In the current study, we demonstrated that human PNMA2 is robustly secreted from cells as an icosahedral, non-enveloped capsid. We showed that although PNMA2 does not package RNA in human cells, an engineered variant with an RNA-binding domain grafted on to the C-terminus can package cargo RNA in vitro. Combining these self-assembled, packaged ePNMA2 capsids with the cell-penetrating peptide LAH4 led to efficient functional delivery of mRNA.

Our demonstration of an all protein, in vitro produced delivery vehicle offers a starting point for further bioengineering. For example, increasing positive charges in the ePNMA2 capsid lumen could enhance RNA packaging efficiency. Further engineering of the ePNMA2 capsid surface residues may allow robust cell entry without LAH4, or targeted cell-type or tissue tropism. Engineering strategies applied to AAVs, which bear a similar T = 1 icosahedral capsid structure, could be used to modify the ePNMA2 capsid surface with integrin binding motifs or nanobodies and thus modulate ePNMA2 tropism (28, 29). In addition to modulating tropism, ePNMA2 presents an attractive substrate for protein engineering to adapt the capsids for cell entry and endosomal escape without the need for LAH4. A third avenue for future protein engineering is the modification of potentially immunogenic peptides, which may be particularly important for PNMA2 given reported cases of paraneoplastic disorders resulting from inappropriate expression of PNMA family members in some cancers (8–10).

Finally, our work with PNMA2 may be extended to other PNMA family members, some of which also form capsids, although these capsids appear more similar to the immature HIV gag than the icosahedral capsids formed by PNMA2 (SI Appendix, Fig. S10A) (24, 30). The Drosophila Arc protein also forms an icosahedral capsid, albeit with T = 4 triangulation (31) and, like many PNMA family members, is highly expressed in the central nervous system (CNS) (SI Appendix, Fig. S10 B and C) (3, 4). Given that Arc has been shown to transfer RNA within neurons, this raises the question of whether secreted PNMA capsids may enter specific recipient cells in the CNS (3, 4). Further investigation of PNMA cell tropism and engineering of PNMA capsids may allow these vehicles to be harnessed for delivery of genetic cargoes to the brain, a long-standing goal in the delivery field.

Materials and Methods

Determination and Comparison of Domain Architecture of the PNMA Family.

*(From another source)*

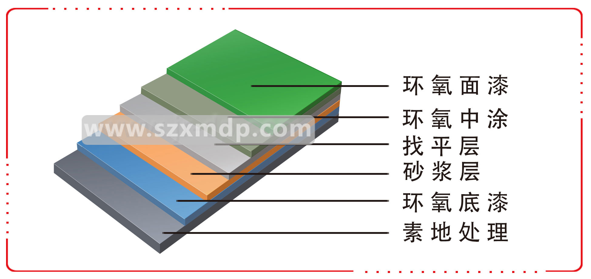 ![]() ◎ 選用無(wú)溶劑高級(jí)環(huán)氧樹(shù)脂加優(yōu)質(zhì)固化劑制成,無(wú)毒、無(wú)污染; ◎ 化學(xué)性能優(yōu)良,耐酸、堿、鹽、油類介質(zhì)腐蝕,特別耐強(qiáng)堿性能優(yōu); ◎ 平整光亮,可獲鏡面效果; ◎ 機(jī)械性能優(yōu)良,耐磨、耐壓、耐沖擊,有一定彈性; ◎ 施工快捷方便; ◎ 厚度2mm/8年,3mm/10年,4mm/12年,5mm/15年以上。 | ![]() 素地處理:打磨、吸塵處理: 底 涂:涂刷1-2遍環(huán)氧樹(shù)脂強(qiáng)滲透封閉底涂; 砂 漿 層:環(huán)氧樹(shù)脂中涂料調(diào)石英砂,用鏝刀或平刀抹刮,根據(jù)厚度要求可以多層施工; 找 平 層:再次打磨找平,進(jìn)行吸塵處理; 中 涂:批刮環(huán)氧樹(shù)脂中涂膩?zhàn)訉硬牧希?br style="box-sizing: border-box;"/>面 涂:用鏝刀將環(huán)氧樹(shù)脂自流平面漆鏝涂于中涂涂層之上 |

A structural model was built for each member of the PNMA family using AlphaFold2 (32) under the colabfold framework (33) using default parameters. Models with plddt ≥70 were selected for analysis, and additional AlphaFold2 cycles were performed until plddt was greater than 70. Structures were analyzed and compared using PyMOL (The PyMOL Molecular Graphic System Version 1.2, Schrodinger, LLC) to annotate protein domain architecture. Hydrophobic Cluster Analysis was used to compare local structure and patterns across all PNMAs (34, 35). The RRM-like domain was identified from structural mining using the Dali server (36, 37). Domain architectures were compared across all human PNMAs, the marsupial PNMA (NCBI accession number: BAK55632.1), and the turtle Ty3/mdg4 (NCBI accession number: XP_048704523), which was the closest non-PNMA relative we identified from a preliminary phylogenetic analysis from homologs of PNMAs. A final tree was built using PhyML (38) on the MPI Bioinformatics Toolkit website (39) with LG model and 200 replicates. The final tree was visualized with the interactive tree of life (itol) webserver (40) (Fig. 1B).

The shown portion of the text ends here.